6
В воскресенье утром фотография Эмили, обнимающей Бена, красовалась на первой странице английской газеты с заголовком через всю полосу: «Лицо печали». Во врезке давалось краткое изложение фактов расследования («подробно см. на стр. 2») и следовала подпись: «Г-жа Эмили Нгубене, супруга умершего в заключении, утешаемая другом семьи г-ном Беном Дютуа».
Его это покоробило, да. Но не больше. Ничего приятного, конечно, когда тебя выставляют напоказ всему свету. Но газетчики, что с них возьмешь. А вот Эмили явно потеряла над собой всякий контроль. Надо все-таки думать, что делаешь.
Что касается Сюзан, то ее это просто сразило. Настолько, что она не пожелала даже идти на воскресную службу.
— Как, как я буду сидеть там, зная, что на нас все пялятся? Что о тебе люди подумают?

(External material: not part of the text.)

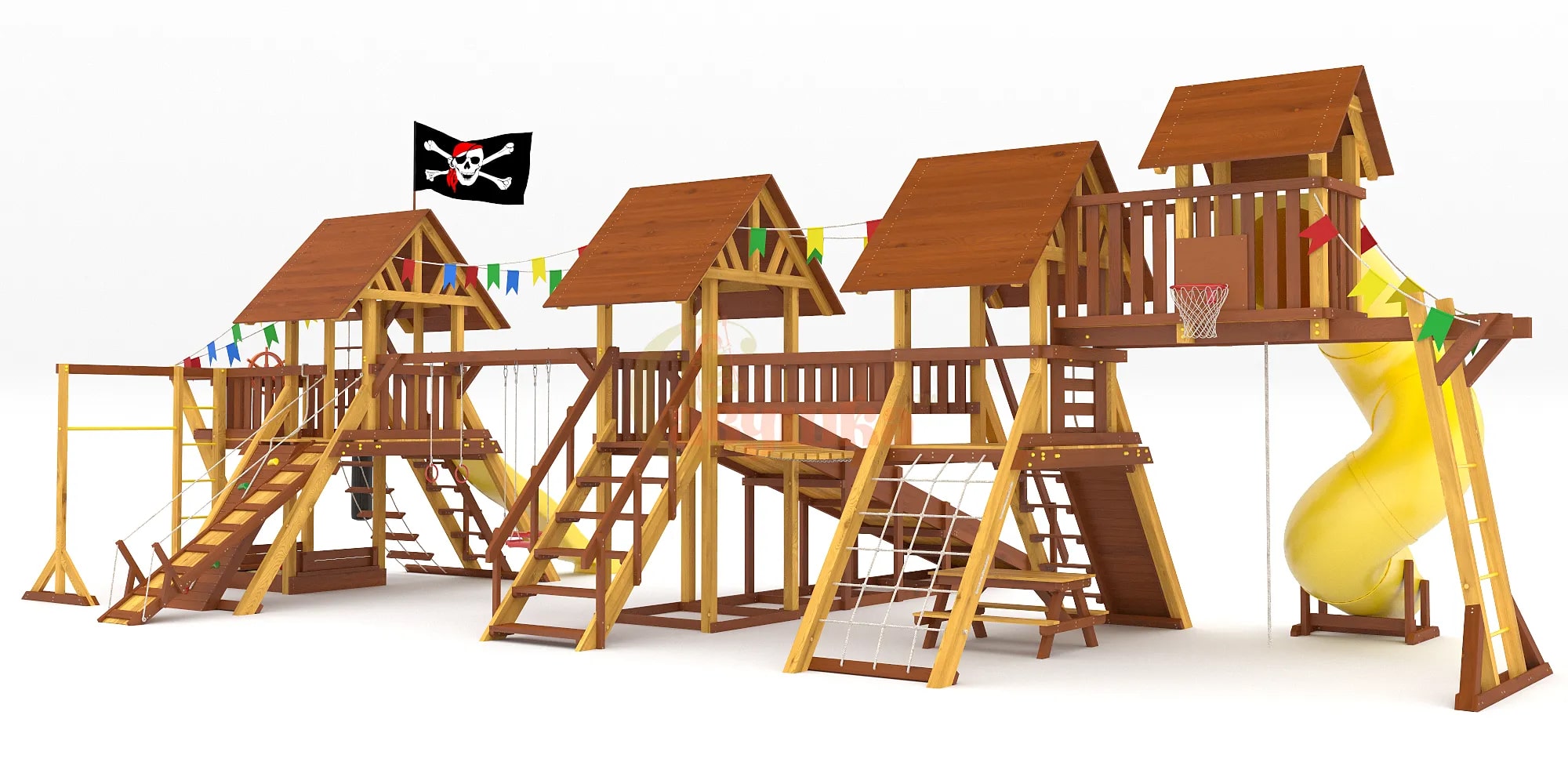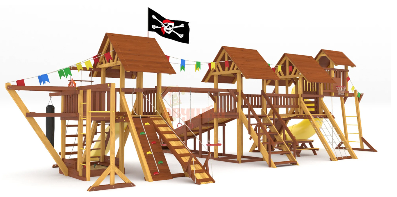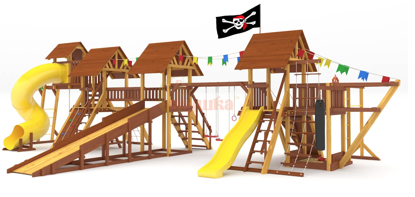 По подвесному мостику можно попасть на другое "судно" - малую игровую башню. Там есть небольшая пластиковая горка и пиратский флаг. Снова поднявшись на большую башню Люкс, малыш непременно захочет скатиться с крутой винтовой горки в виде трубы. Настоящий аттракцион!

— Идем, Сюзан. Я согласен, это совершенно неслыханно, вполне в духе бульварной прессы. Но что, в сущности, произошло? И потом, что мне оставалось делать, отшвырнуть ее?
— Если б ты держался от всего этого подальше с самого начала, ты не навлек бы на нас такого позора. Ты хоть понимаешь, чего все это может стоить моему отцу?
— Сюзан, ты делаешь из мухи слона.
Но после полудня телефон звонил, не переставая. Жизнерадостная пара, их друзья, ехидно поинтересовалась, правда ли, что Бен «завел новую зазнобу»; еще кто-то, включая молодых Вивирсов, пожелавших принести им свои заверения, что они и впредь могут рассчитывать на их симпатии и поддержку. Однако все остальные, почти без исключения, были настроены отрицательно, почти враждебно. Директор школы, тот без околичностей напирал на одно: осознает ли Бен, что он — служащий министерства просвещения, что политические акции учителей встречаются там крайне неодобрительно.
— Но господин Клуте, какое это имеет отношение, ради всего святого, к политике? Женщина потеряла своего мужа. Она убита горем.
— Чернаяженщина, если позволите, Дютуа, — холодно отчеканил директор.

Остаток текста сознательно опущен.